[PATCH 1/4 v4] drivers: create a pin control subsystem
gbean at codeaurora.org
Thu Aug 25 14:14:04 EDT 2011
On Thu, Aug 25, 2011 at 08:12:10AM -0700, David Brown wrote:
> On Thu, Aug 25, 2011 at 12:12:59PM +0200, Linus Walleij wrote:
> > mach-msm:
> > ----------------
> > Hard to tell how this works and what's available, support
> > seems to be incomplete. Currently it seems to be wired
> > to do either a dedicated function (like some UART pin)
> > or GPIO, like each pin can be used for two specific
> > things, and not phone-exchange type.
> There are some pins on MSMs that can be connected to different hw
> blocks, we just haven't gotten the support into the kernel yet.

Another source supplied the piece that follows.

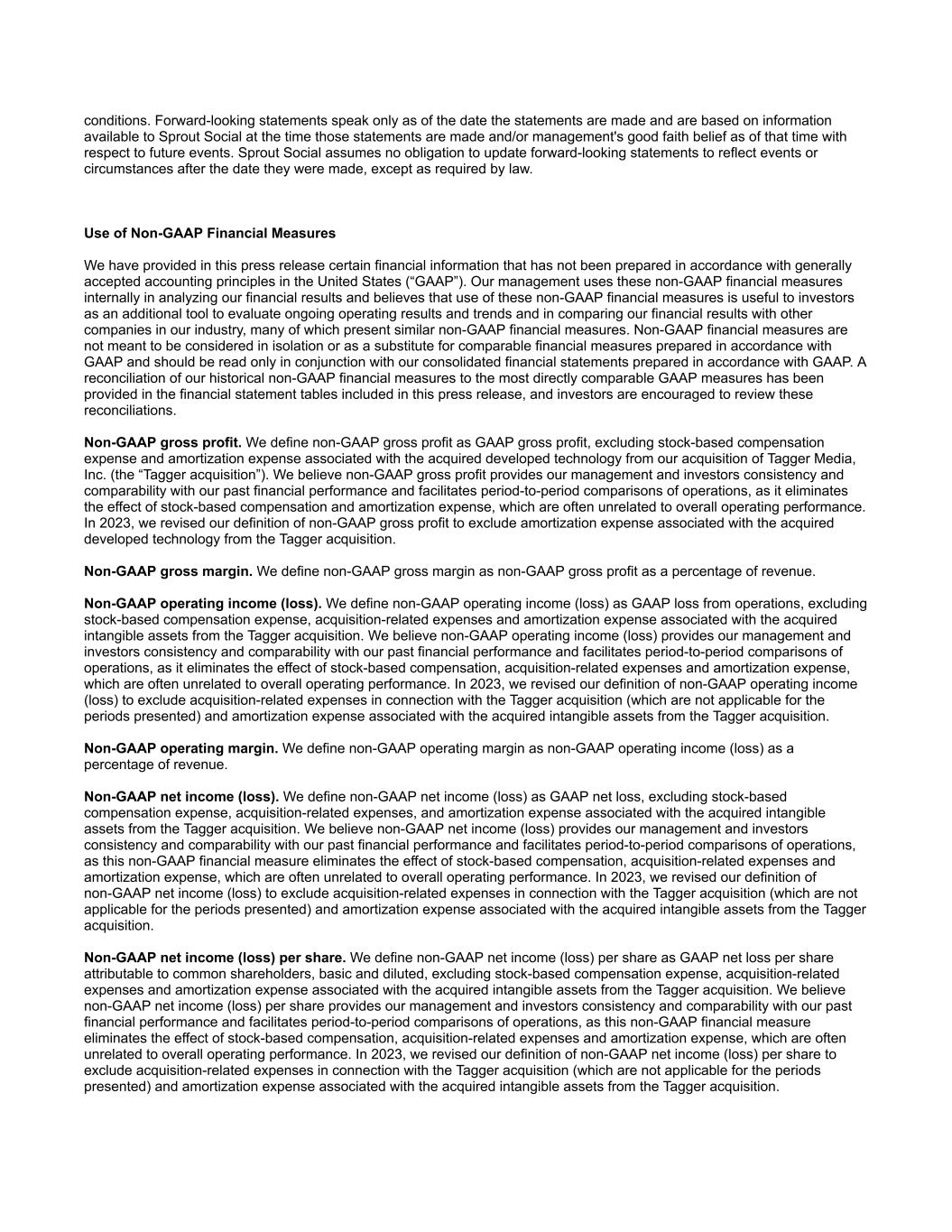 条件。前瞻性陈述仅在做出这些陈述之日起生效,其依据是Sprout Social在做出这些陈述时可获得的信息和/或管理层截至当时对未来事件的善意信念。除非法律要求,否则Sprout Social不承担更新前瞻性陈述以反映作出之日后的事件或情况的义务。非GAAP财务指标的使用我们在本新闻稿中提供了某些未按照美国公认会计原则(“GAAP”)编制的财务信息。我们的管理层在内部使用这些非GAAP财务指标来分析我们的财务业绩,并认为使用这些非GAAP财务指标对投资者有用,作为评估持续经营业绩和趋势以及将我们的财务业绩与我们行业中的其他公司进行比较的额外工具,其中许多公司提供了类似的非GAAP财务指标。非GAAP财务指标不应被孤立地考虑或替代根据GAAP编制的可比财务指标,应仅与我们根据GAAP编制的合并财务报表一起阅读。本新闻稿中包含的财务报表表格提供了我们的历史非GAAP财务指标与最直接可比的GAAP指标的对账,鼓励投资者审查这些对账。非GAAP毛利润。我们将非GAAP毛利润定义为GAAP毛利润,不包括基于股票的补偿费用和与我们收购Tagger Media,Inc.(“Tagger收购”)所获得的开发技术相关的摊销费用。我们认为,非GAAP毛利润为我们的管理层和投资者提供了与我们过去财务业绩的一致性和可比性,并促进了运营的期间比较,因为它消除了基于股票的薪酬和摊销费用的影响,而这些影响通常与整体运营业绩无关。2023年,我们修改了非GAAP毛利润的定义,将与收购的开发技术相关的摊销费用从Tagger收购中排除。Non-GAAP毛利率。我们将Non-GAAP毛利率定义为Non-GAAP毛利润占收入的百分比。Non-GAAP营业收入(亏损)。我们将Non-GAAP营业收入(亏损)定义为GAAP营业亏损,不包括基于股票的补偿费用、与收购相关的费用以及与Tagger收购所获得的无形资产相关的摊销费用。我们认为,非GAAP营业收入(亏损)为我们的管理层和投资者提供了与我们过去财务业绩的一致性和可比性,并促进了运营的期间比较,因为它消除了基于股票的薪酬、收购相关费用和摊销费用的影响,而这些影响通常与整体经营业绩无关。2023年,我们修订了我们对非GAAP营业收入(亏损)的定义,以排除与Tagger收购相关的收购相关费用(不适用于所示期间)以及与Tagger收购所收购的无形资产相关的摊销费用。Non-GAAP营业利润率。我们将Non-GAAP营业利润率定义为Non-GAAP营业收入(亏损)占收入的百分比。Non-GAAP净收入(亏损)。我们将Non-GAAP净收入(亏损)定义为GAAP净亏损,不包括基于股票的补偿费用、与收购相关的费用以及与Tagger收购所获得的无形资产相关的摊销费用。我们认为,非GAAP净收入(亏损)为我们的管理层和投资者提供了与我们过去财务业绩的一致性和可比性,并促进了运营的期间比较,因为这种非GAAP财务指标消除了基于股票的薪酬、收购相关费用和摊销费用的影响,而这些费用通常与整体运营业绩无关。2023年,我们修订了我们对非GAAP净收入(亏损)的定义,以排除与Tagger收购相关的收购相关费用(不适用于所示期间)以及与Tagger收购所获得的无形资产相关的摊销费用。Non-GAAP每股净收益(亏损)。我们将Non-GAAP每股净收益(亏损)定义为GAAP归属于普通股股东的每股净亏损,基本和稀释,不包括基于股票的补偿费用, 与收购相关的费用和与从Tagger收购中获得的无形资产相关的摊销费用。我们认为,非GAAP每股净收入(亏损)为我们的管理层和投资者提供了与我们过去财务业绩的一致性和可比性,并促进了运营的期间比较,因为这种非GAAP财务指标消除了基于股票的薪酬、收购相关费用和摊销费用的影响,而这些影响通常与整体运营业绩无关。2023年,我们修订了非GAAP每股净收入(亏损)的定义,以排除与Tagger收购相关的收购相关费用(不适用于所示期间)以及与Tagger收购所收购的无形资产相关的摊销费用。

> There are some things where two devices share pins, and you have to
> choose one or the other.
> I believe there are also configurations where something such as the SD
> controller can either be configured in 8-bit data mode, or in 4-bit
> data mode, and those 4 pins connected to something else.

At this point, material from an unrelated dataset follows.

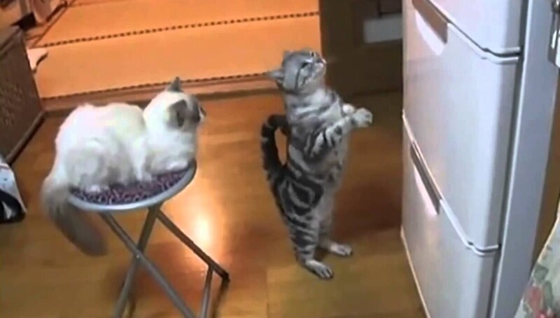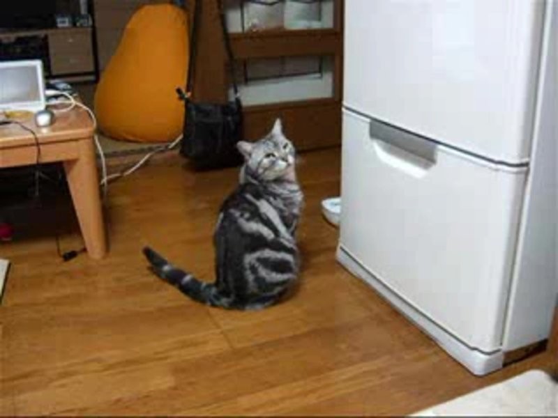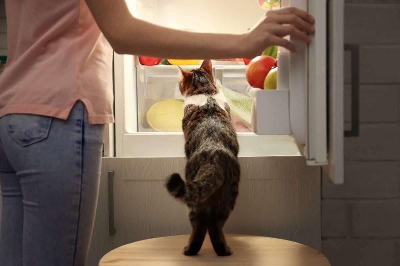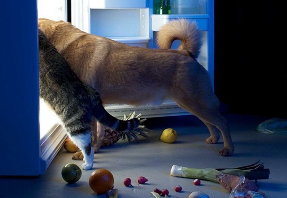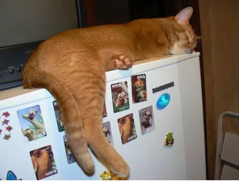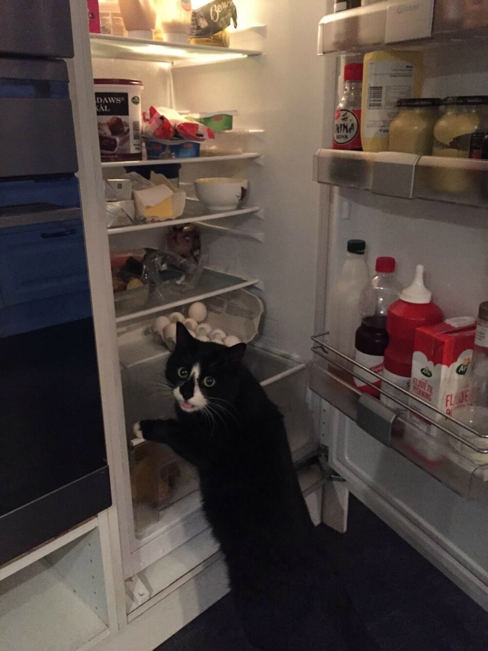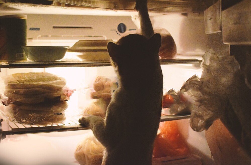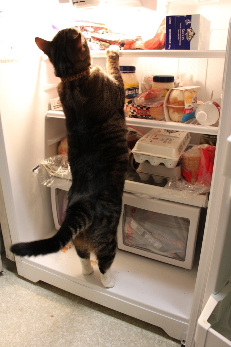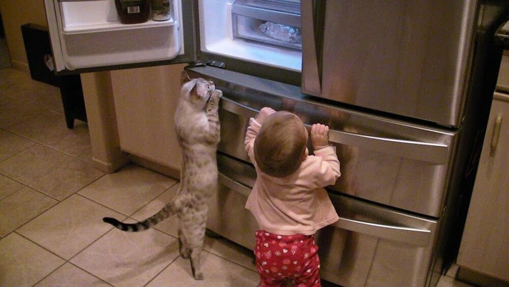 Жаль только что из-за лапок самостоятельно справиться с плотными дверцами чудо-агрегата не получается. И котикам приходится идти на всяческие ухищрения или ждать хозяина, который придёт и распахнёт приветливое нутро холодильника. И тогда уже начнётся пир.

> Much of the current pin configuration in our product kernel seems to
> be about current and pull up/down configuration.
> I've added Rohit Vaswani, and Greg Bean to this thread who should have
> a bit better understanding of this.
The MSM pinmux system allows every pin to be independently controlled
in the following ways:
- function selection: Every pin can be in GPIO mode, or connected to
a specific piece of hardware. The number of choices varies by pin -
some pins have only two choices, some have eight. When a pin is not in
GPIO mode, it loses some configurability - for instance, its direction
can no longer be set, as that's predetermined by the function selection.
Pins can belong to many groups which overlap in all kinds of interesting
ways - a pin may be part of this four-bit bus, or that eight-bit bus, or
might stand alone for two settings...
- drive strength: Each pin can be set to have a different drive strength
between 2MA and 16MA, in 2MA steps.
- pull settings: Each pin can be configured with a variety of pull
settings: up, down, keeper, no pull.
Additionally, there are complexities involving delivering
interrupts from GPIOs:
- 'direct-connect' or 'summary' interrupts: pins which are being used as
interrupt inputs can be 'summarized' through a single interrupt
(requiring an additional pile of register reads to figure out which
gpio triggered the interrupt) or as a 'direct-connect' interrupt.
There are very few direct-connect lines available, so most gpio
interrupts are summarized.
- processor interrupt assignment: Each pin can be assigned to deliver
interrupts to a different processor on the board. This pin might be
assigned to the MSM, that pin might go to the DSP, the next might
go to the modem, and so on...
Employee of Qualcomm Innovation Center, Inc.
Qualcomm Innovation Center, Inc. is a member of the Code Aurora Forum.